The field that sprang from the insight (Neal 1996a) that in the infinite limit deep NNs asymptotically approach Gaussian processes, and there are theories we can draw from that. Far from the infinite limit there are neural nets which exploit this. See random neural nets.

Neural Network Tangent Kernel

See Neural tangent kernel on Wikipedia.

Ferenc Huszár provides some Intuition on the Neural Tangent Kernel, i.e. the paper (Lee et al. 2019).

It turns out the neural tangent kernel becomes particularly useful when studying learning dynamics in infinitely wide feed-forward neural networks. Why? Because in this limit, two things happen:

First: if we initialize \(θ_0\) randomly from appropriately chosen distributions, the initial NTK of the network \(k_{θ_0}\) approaches a deterministic kernel as the width increases. This means, that at initialization, \(k_{θ_0}\) doesn’t really depend on \(k_{θ_0}\) but is a fixed kernel independent of the specific initialization.-

Second: in the infinite limit the kernel \(k_{θ_t}\) stays constant over time as we optimise \(\theta_t\). This removes the parameter dependence during training.

These two facts put together imply that gradient descent in the infinitely wide and infinitesimally small learning rate limit can be understood as a pretty simple algorithm called kernel gradient descent with a fixed kernel function that depends only on the architecture (number of layers, activations, etc).

These results, taken together with an older known result by Neal, (1994), allows us to characterise the probability distribution of minima that gradient descent converges to in this infinite limit as a Gaussian process.

Implicit regularization

Here’s one interesting perspective (Zhang et al. 2017).

The effective capacity of neural networks is large enough for a brute-force memorization of the entire data set.

Even optimization on random labels remains easy.
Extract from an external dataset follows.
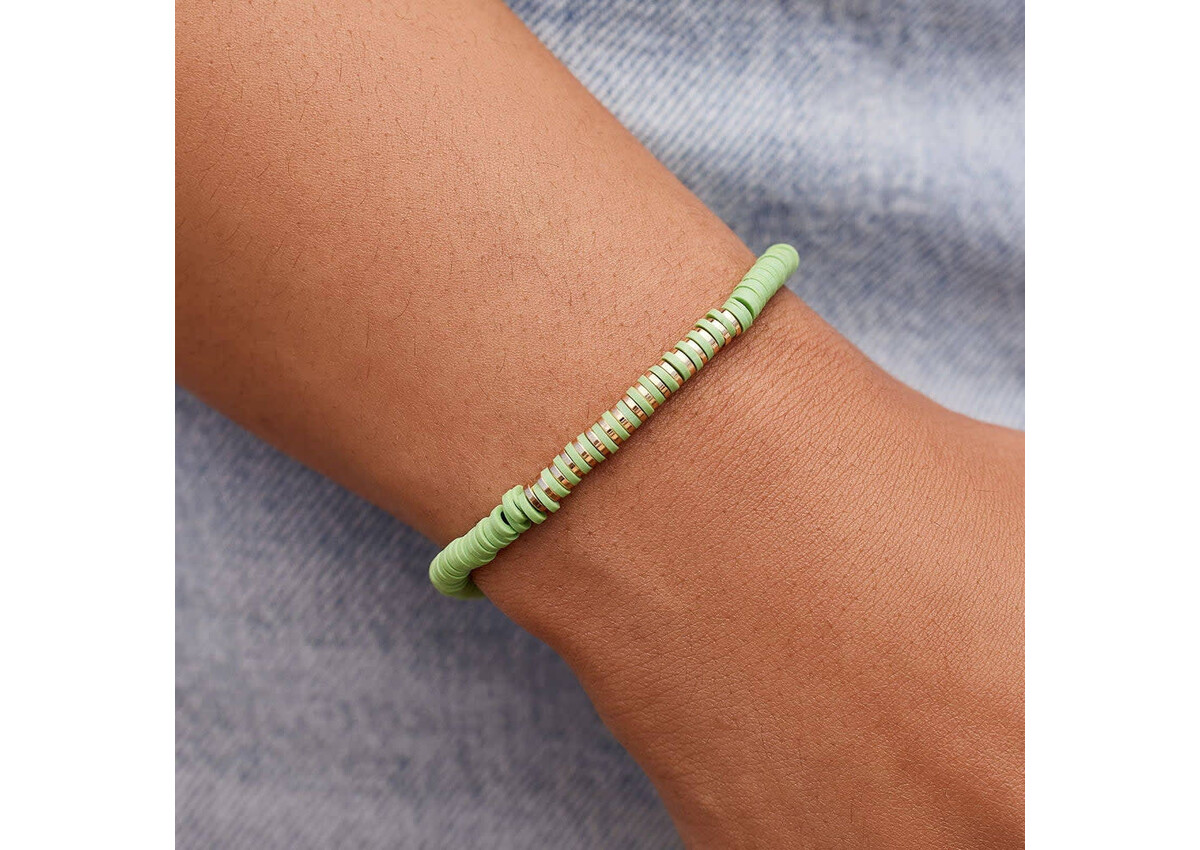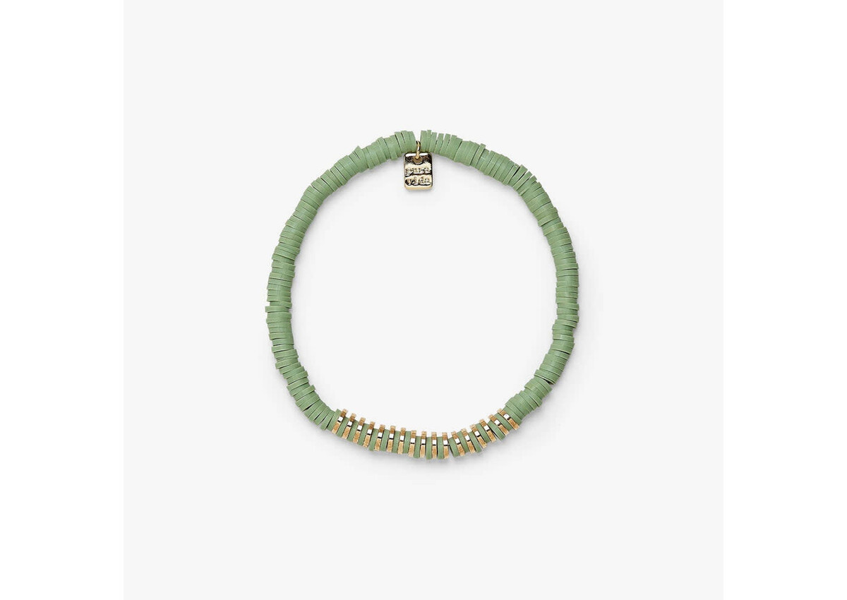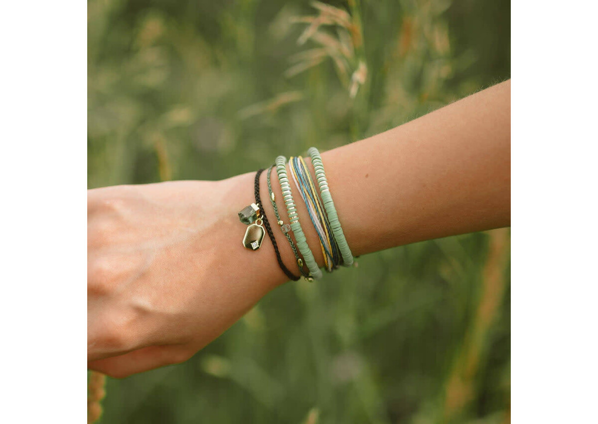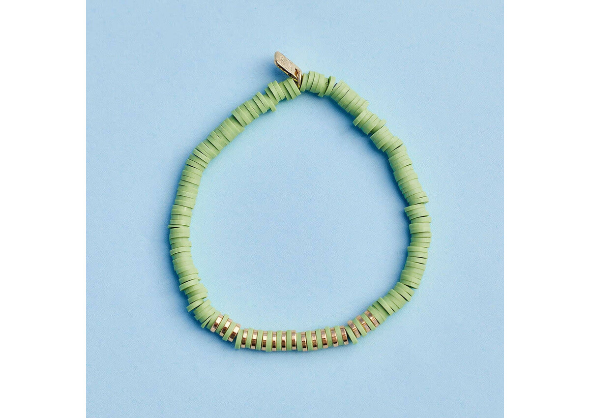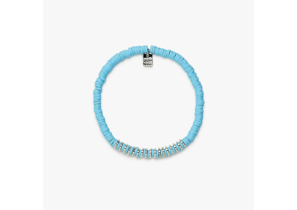 A bracelet that encompasses brilliant balance with multi-faceted style applications. The durable center cord connects a clever pattern of beachy heishi beads, available in both blue/silver and aqua/gold.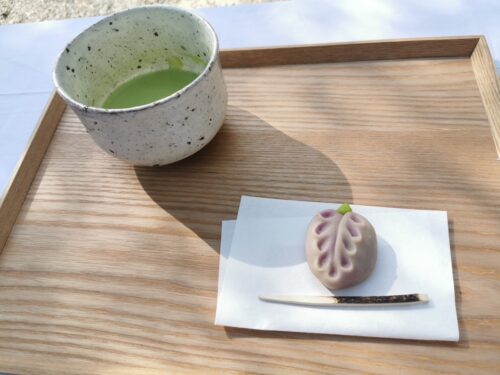 野点(のだて)形式で行われるため、開放的な空気の中で本格的なお茶の世界に触れることができます。お抹茶は老舗茶舗・千紀園の「喜寿」、主菓子は松利老舗による「藤」をモチーフにした季節を感じられる一品です。

In fact, training time increases only by a small constant factor compared with training on the true labels.

Randomizing labels is solely a data transformation, leaving all other properties of the learning problem unchanged.

[…] Explicit regularization may improve generalization performance, but is neither necessary nor by itself sufficient for controlling generalization error. […] Appealing to linear models, we analyze how SGD acts as an implicit regularizer.

Dropout

turns out to be a type of regularization with a natural GP interpretation.

References

Adlam, Ben, Jaehoon Lee, Lechao Xiao, Jeffrey Pennington, and Jasper Snoek. 2020. “Exploring the Uncertainty Properties of Neural Networks’ Implicit Priors in the Infinite-Width Limit.” October 14, 2020. http://arxiv.org/abs/2010.07355.

Arora, Sanjeev, Simon S Du, Wei Hu, Zhiyuan Li, Russ R Salakhutdinov, and Ruosong Wang. n.d. “On Exact Computation with an Infinitely Wide Neural Net,” 10.

Belkin, Mikhail, Siyuan Ma, and Soumik Mandal. 2018. “To Understand Deep Learning We Need to Understand Kernel Learning.” In International Conference on Machine Learning, 541–49. http://proceedings.mlr.press/v80/belkin18a.html.

Chen, Lin, and Sheng Xu. 2020. “Deep Neural Tangent Kernel and Laplace Kernel Have the Same RKHS.” October 1, 2020. http://arxiv.org/abs/2009.10683.

Cho, Youngmin, and Lawrence K. Saul. 2009. “Kernel Methods for Deep Learning.” In Proceedings of the 22nd International Conference on Neural Information Processing Systems, 22:342–50. NIPS’09. Red Hook, NY, USA: Curran Associates Inc. https://papers.nips.cc/paper/2009/hash/5751ec3e9a4feab575962e78e006250d-Abstract.html.

Domingos, Pedro. 2020. “Every Model Learned by Gradient Descent Is Approximately a Kernel Machine.” November 30, 2020. http://arxiv.org/abs/2012.00152.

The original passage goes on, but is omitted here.